Capital Gains on Selling Tax Exempt Bonds

A municipal bond represents a loan to the issuing municipality, in exchange for regular interest payments and the promise of a return of the face amount of the bond upon maturity. Investors in high-income tax brackets can benefit from buying municipal bonds because their interest is typically exempt from federal income taxes. While interest payments on municipal bonds might be free from federal income taxes, capital gains from selling tax-exempt bonds for a profit, are not.

Capital Gains

The Internal Revenue Service considers just about everything you own, from your home to your lawn mower, to be a capital asset. That includes your investment securities, such as your stocks and bonds. If you sell a capital asset, such as a municipal bond, for more than you paid for it, you have a taxable capital gain. You must report the gain on Form 1040, Schedule D.

Short-term vs. Long-term

Capital gains resulting from the sale of your tax-exempt bonds are taxed at different rates, depending on whether your holding period was short-term or long-term. If you owned the bonds for one year or less before you sold them, your gain is short-term and is taxed at your ordinary income tax rate, which could be as high as 35 percent in 2012. If you owned the bonds for longer than one year, any gain from the sale is considered long-term and is taxed at the more advantageous long-term capital gains rate.

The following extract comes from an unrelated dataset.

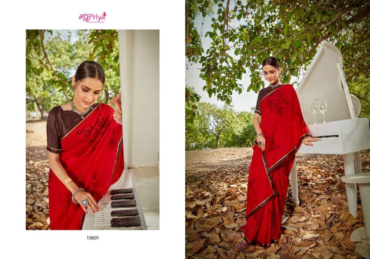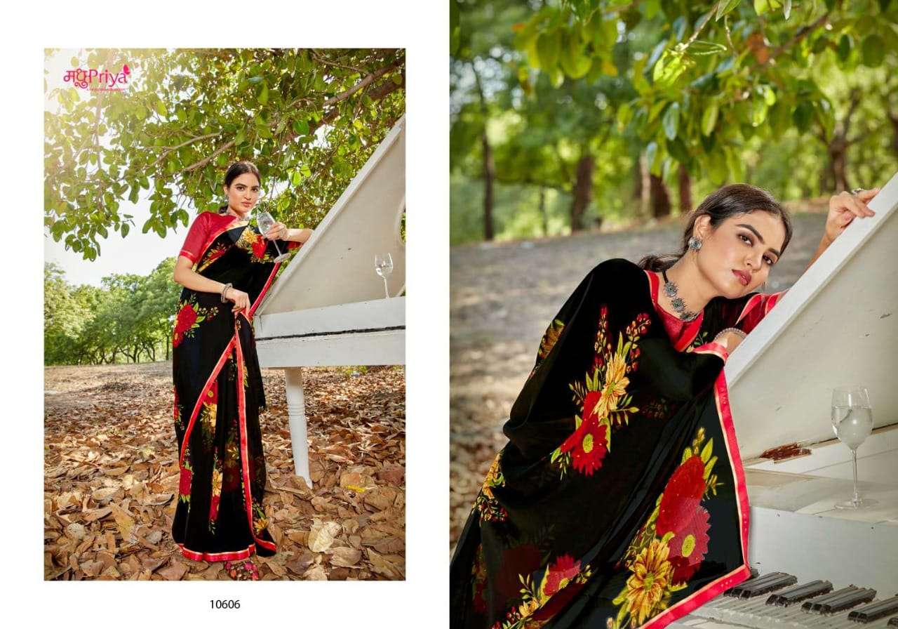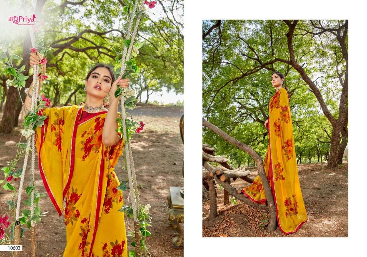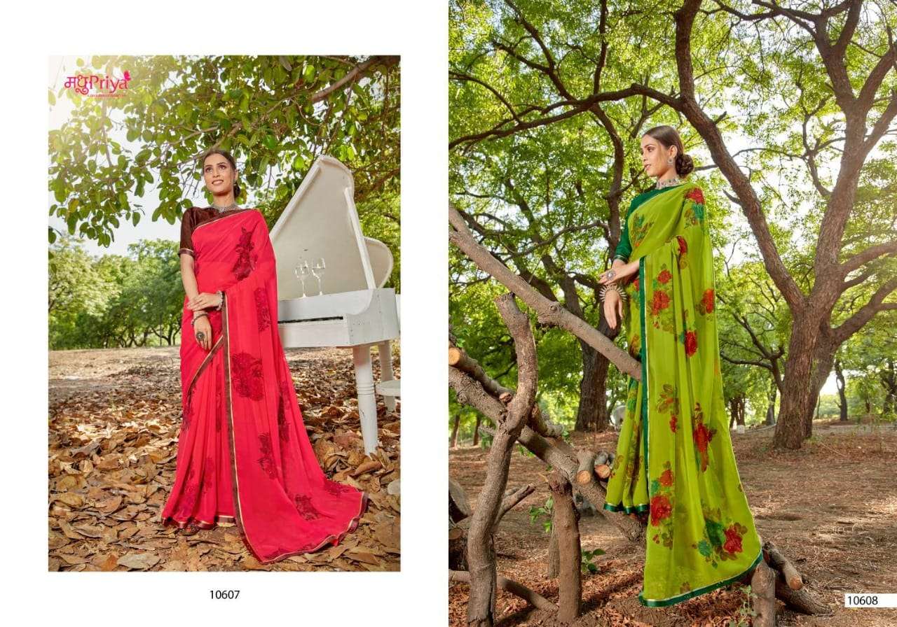 | Other Details | NEW INTRODUCING* SHIKHA Brand:- priya Rate:- 325-/ Set to set Delivery from today Fabric:- 60 GM CHIFFON WITH FLOWER PRINT + FANCY BORDER (FULL SAREE LACE) WITH DIAMOND WORK+ FANCY  BLOUSE Total Designs:- 10 _Packing pcs :- set to set Matching :- SINGLE COLOURS Cut :- 6/30 MT'S |

With a few exceptions, the top long-term capital gains tax rate was 15 percent as of the 2012 tax year.

Capital Loss

Tax-exempt bonds trade in the secondary market after their initial issue. The market price for these bonds fluctuates based on such factors as changes in the credit rating of the issuing municipality and changes in prevailing interest rates. Bond prices tend to move in the opposite direction of prevailing rates, so if interest rates fall, the market price of your bonds is likely to increase. If prevailing interest rates rise, the market price of your bonds typically falls. If you sell your tax-exempt bonds for less than you paid, you have a capital loss, which you can use to offset your capital gains or other income.

Considerations

When figuring your capital gains or losses on your tax-exempt bonds, you can include the cost of purchasing your bonds, such as commissions and transaction fees, with the purchase price to determine your cost basis. You can subtract the cost of selling your bonds from the sales price. If you borrow money to buy certain investment securities, you can deduct the interest on that loan. The investment interest deduction does not apply if you use the money to buy tax-exempt bonds.